Functional Description

The LabMaster DMA is a complete data acquisition & control product. A PC Interface, containing all the digital I/O and analog output circuitry, installs internally into the PC. A shielded cable connects this board to an external desktop unit containing the analog-to-digital (ADC) converter. The sensitive A/D conversion is isolated from internal PC electrical noise and located near equipment supplying the analog input.

Overview of Product Options

The LabMaster DMA is a very versatile family of data acquisition products and as such there are many different options available. An understanding of these options are necessary to correctly choose the configuration best suited for your particular needs.

The LabMaster DMA is available in several different models. The differences among these models are: A/D speed, analog input gain options, type of Digital buffering, and method for external signal connections. The options (with hyperlinks to the appropriate section) can be summarized as follows:

1. Analog-to-Digital Converter Speed.
   • Choices are 50Khz or 160Khz
2. Analog-to-Digital Resolution
   • Choices are 12bit or 16bit
3. Analog-to-Digital Converter Gain Settings
   • Choices are HG, PGL or PGH.
4. Digital I/O Buffering Technique
   • Choices are Inverting or Non-inverting
5. Method for external signal connections
   • Many different options available including
     • Ribbon Cable Connections
     • Screw Terminals
     • 3.5mm MiniJack
     • BNC connections

Analog-to-Digital Conversion (ADC)

Analog signals in the ±10 Volt range are digitized by an Analog-to-Digital Converter (ADC). Designed to deliver flexible data, the ADC configures for Input Mode (16 single-ended, 8 true differential, or 16 pseudo differential), Input Range (unipolar or bipolar), Operating Mode (normal, overlap), Channel Auto-Scan, Gain, and Output Format (two's complement or binary). A variable gain amplifier at the input to the sample and hold circuit allows the input range to vary from ±10 mV to ±10 V. Configured by software, a conversion can be initiated by a software command, a rising edge from one of the on-board timer/counters or a rising edge from an external source. The end of a conversion can be detected using a hardware interrupt or polling the status register. Data is transferred at the end of a conversion by reading the data latches or automatically using DMA.

Analog-to-Digital Speed

The LabMaster DMA has the A/D circuitry located external to the computer. Throughout the years many different ADC modules have been offered by Scientific Solutions. The current 50Khz and 160Khz ADC modules replace the previously offered 40Khz and 100Khz versions. These new versions remain 100% compatible with the previous versions while offering increased analog input sampling rates. The speed of the converter determines how fast you can sample your analog signals.
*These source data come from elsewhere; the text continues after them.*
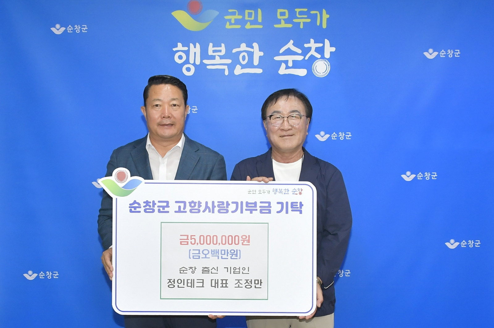 순창군은 1일 순창읍 출신으로 정읍에서 전지용 동박 제조 기업을 운영 중인 정인테크 조정만 대표가 고향사랑기부금 연간 한도액인 500만 원을 기부했다고 밝혔다.
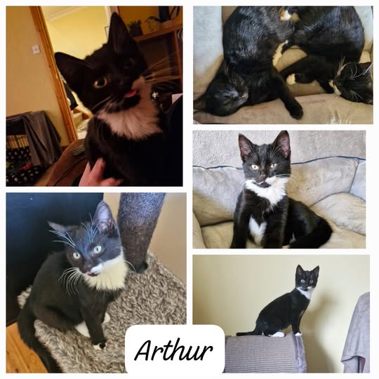 At 12 weeks old, Arthur (formerly Martha π) is a charming black and white kitten with a one of a kind look. This sweet boy is as delightful as his markings.
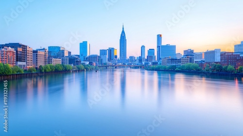Fototapeta premium City skyline reflected in calm river at dawn.
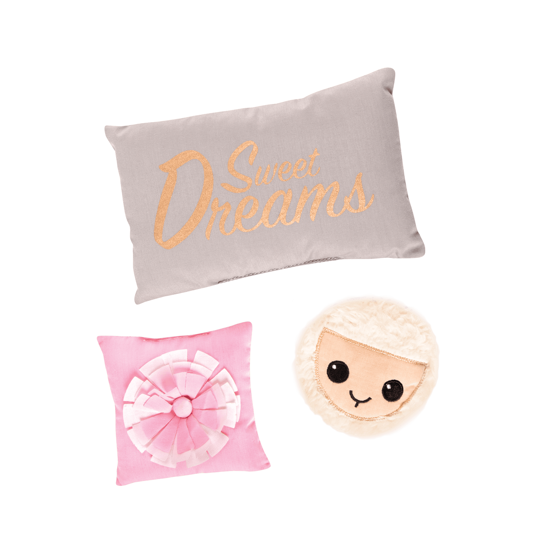 Give your 18-inch doll a fancy bedroom makeover with the Our Generation Sweet Dreams scrollwork bed! This cute, copper-toned bedframe is decorated with scrollwork hearts and curls and has a lightweight metal construction that makes it durable for years of play. It's perfect to pass on from this generation to the next! The Sweet Dreams accessory comes with a comfy mattress, blanket, and three pillows that your doll can organize after you teach her how to make the bed! Why not read her a bedtime story before you say goodnight? Just place the bed beside yours and pick out your favorite book. You'll both be having sweet dreams together! (Dolls sold separately)

Choices for ADC speed are 50Khz or 160Khz. Contact Scientific Solutions regarding any special requirements.

Analog-to-Digital Resolution

The LabMaster DMA comes with either 12bit or 16bit A/D resolution. The higher resolution allows measurements of smaller voltage changes. For example, a 12bit A/D configured for 0 to 10v has 2.44mv / bit. This means the ADC can measure changes as small as 2.44 millivolts. Of course, if you also use an on-board gain of 10 (with a PGL module), then the input signal into the gain amplifier can be as low as 0.244 millivolts to be detected by the ADC. The 16bit converter is accurate to 2 LSBs - this means the data is treated as 16bit data, but the least two significant bits are not guaranteed. With a gain of 1, the 16bit module can measure changes as small as 0.610mv for the 0 to 10v range or 0.0610mv with an on-board gain of 10 used. The application program needs to know the resolution of the A/D so it can properly convert "bits" to "volts".

Choices for ADC resolution are 12bit or 16bit. Contact Scientific Solutions regarding any special requirements.

Analog-to-Digital Gain Options

For the best measurements, the analog input signal to be measured should be as close to the A/D range as possible. This ensures that the resolution of the A/D is being properly used. In unipolar mode, the A/D range is 0 to +10v. In bipolar mode, the A/D range is -10v to +10v. If for example, the analog input signal to be converted is from 0 to +5v, then you would want the A/D to be in unipolar mode and have a gain of 2 (using on-board PGH gain). The LabMaster DMA has the capability to have hardware gains or software programmable gains. Hardware gains (HG) are set by jumpers or external components. Software programmable gains (PG) are set by the software. A gain set by hardware will effect all the input channels the same. A gain set by software can be changed "real-time" to have different gains on a channel-by-channel basis.

HG = Hardware Gain

HG stands for Hardware Gain. This version ships from the factory with all analog input channels at a gain of 1. There are two versions of the HG module, referred to as HGI and HGE. HGE is our standard configuration for hardware gain. In either case, the gain is set by hardware and is the same gain for all the channels.:

HGE version permits you to change the gain for all the channels to any value by adding a precision resistor on the external ADC board. This was the configuration of the previously offered 40Khz non-programmable gain version. The 50Khz and 160Khz come standard as HGE. (note: modules labeled as 50Khz or 160Khz "HG" are really "HGE").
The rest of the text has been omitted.